## Raw data
━━━
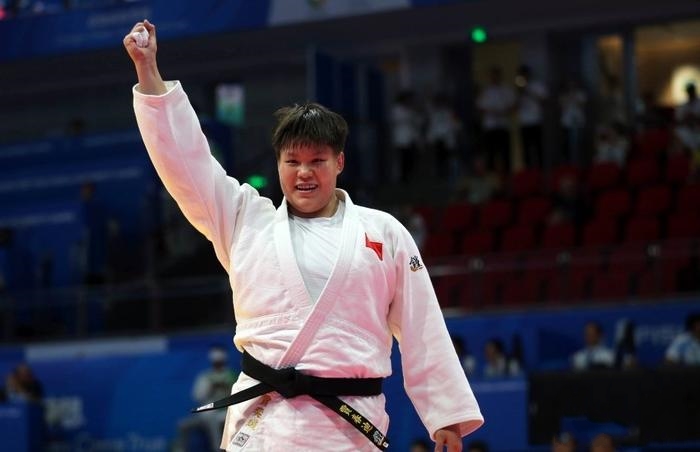 7月31日,在第31屆世界大學生夏季運動會女子柔道78公斤以上級決賽中,中國選手賈春迪擊敗韓國選手PARK Saetbyeol獲得冠軍。圖為賈春迪比賽結束后向觀眾致意。中 ... [更多詳細]
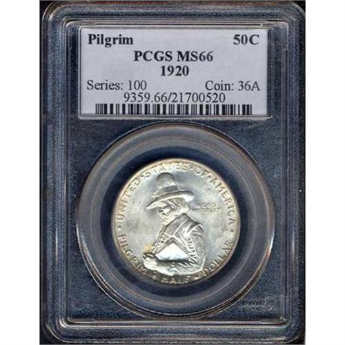 <b>1920 Pilgrim Half Dollar. PCGS graded MS66.</b> Fully brilliant, the silvery white surfaces display few noticeable abrasions, the opportunity to strike a commemorative half dollar on the 300th anniversary of the landing of the Pilgrims meant that the U.S. government struck a very large number of these. Many were later put into circulation as unsold (which explains the prevalence of high grade Very Fine to About Uncirculated specimens). A frosty Gem <b>(PCGS # 9359)</b>
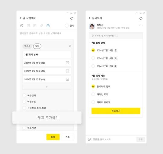 종전에는 모임 날짜만 투표를 할 수 있었다면 이제는 모임 일정과 장소, 메뉴까지 한꺼번에 투표로 결정할 수 있다.
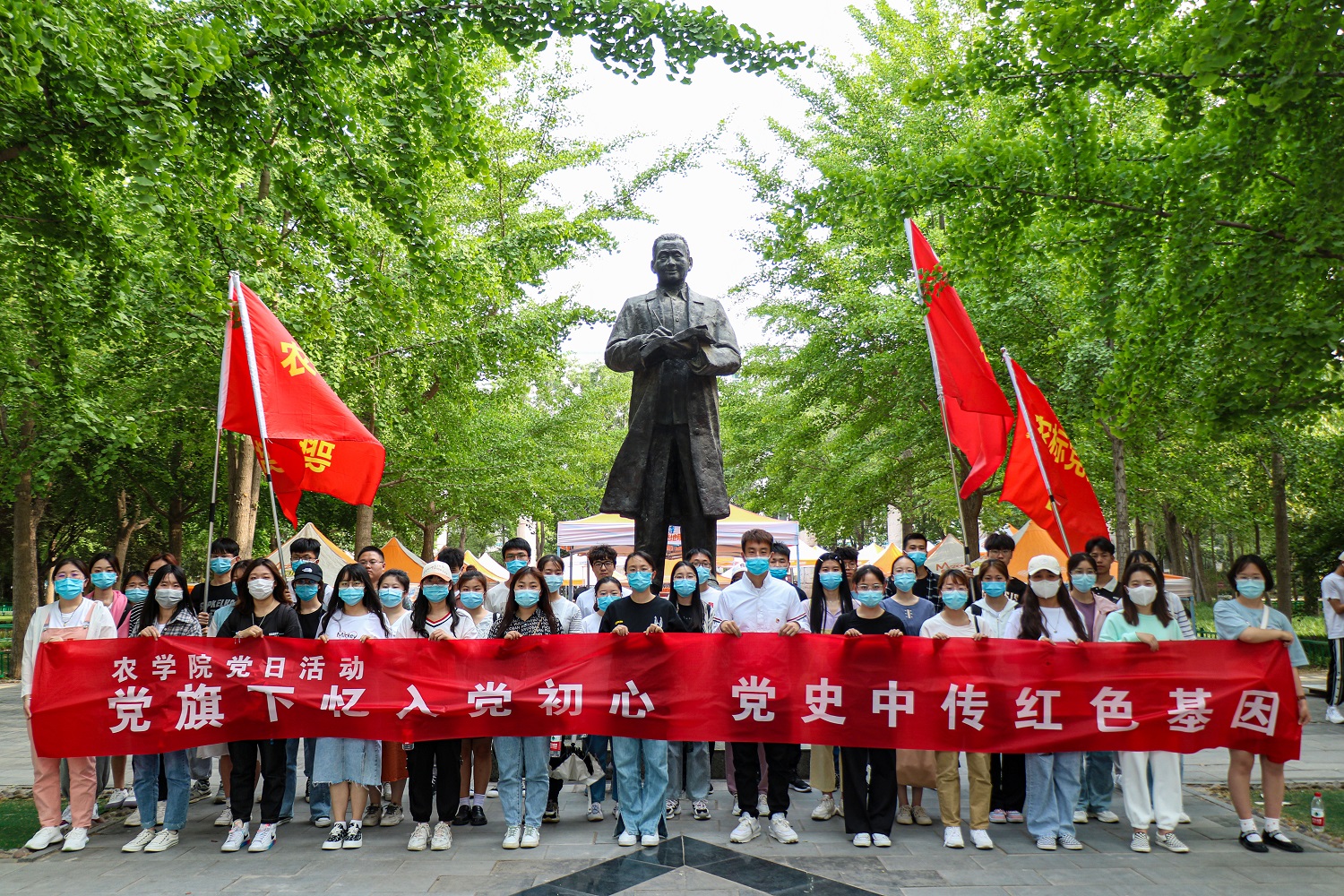 在文化路校区的校园里,矗立着两座作物育种学家吴绍骙老先生的铜像,讲述着百年农大以吴绍骙先生为代表的老一代农学人的故事,积淀着农大的历史与文化。同学们驻足学习先辈事迹。随后大家伫立在吴老铜像前,面对鲜红的党旗重温入党誓词,庄严的铜像、鲜红的党旗、铿锵的誓词,见证着农大学子的责任与担当。最后,全体人员共同唱响《绿色颂》,唱响千千万万农大学子共同的心声。
━━━
## What to do
Your task is to quote exactly the lines from the one with "<b>1920 Pilgrim Half" through the end of the material, both included, without reproducing any pictures.

## Result below
 <b>1920 Pilgrim Half Dollar. PCGS graded MS66.</b> Fully brilliant, the silvery white surfaces display few noticeable abrasions, the opportunity to strike a commemorative half dollar on the 300th anniversary of the landing of the Pilgrims meant that the U.S. government struck a very large number of these. Many were later put into circulation as unsold (which explains the prevalence of high grade Very Fine to About Uncirculated specimens). A frosty Gem <b>(PCGS # 9359)</b>
 종전에는 모임 날짜만 투표를 할 수 있었다면 이제는 모임 일정과 장소, 메뉴까지 한꺼번에 투표로 결정할 수 있다.
 在文化路校区的校园里,矗立着两座作物育种学家吴绍骙老先生的铜像,讲述着百年农大以吴绍骙先生为代表的老一代农学人的故事,积淀着农大的历史与文化。同学们驻足学习先辈事迹。随后大家伫立在吴老铜像前,面对鲜红的党旗重温入党誓词,庄严的铜像、鲜红的党旗、铿锵的誓词,见证着农大学子的责任与担当。最后,全体人员共同唱响《绿色颂》,唱响千千万万农大学子共同的心声。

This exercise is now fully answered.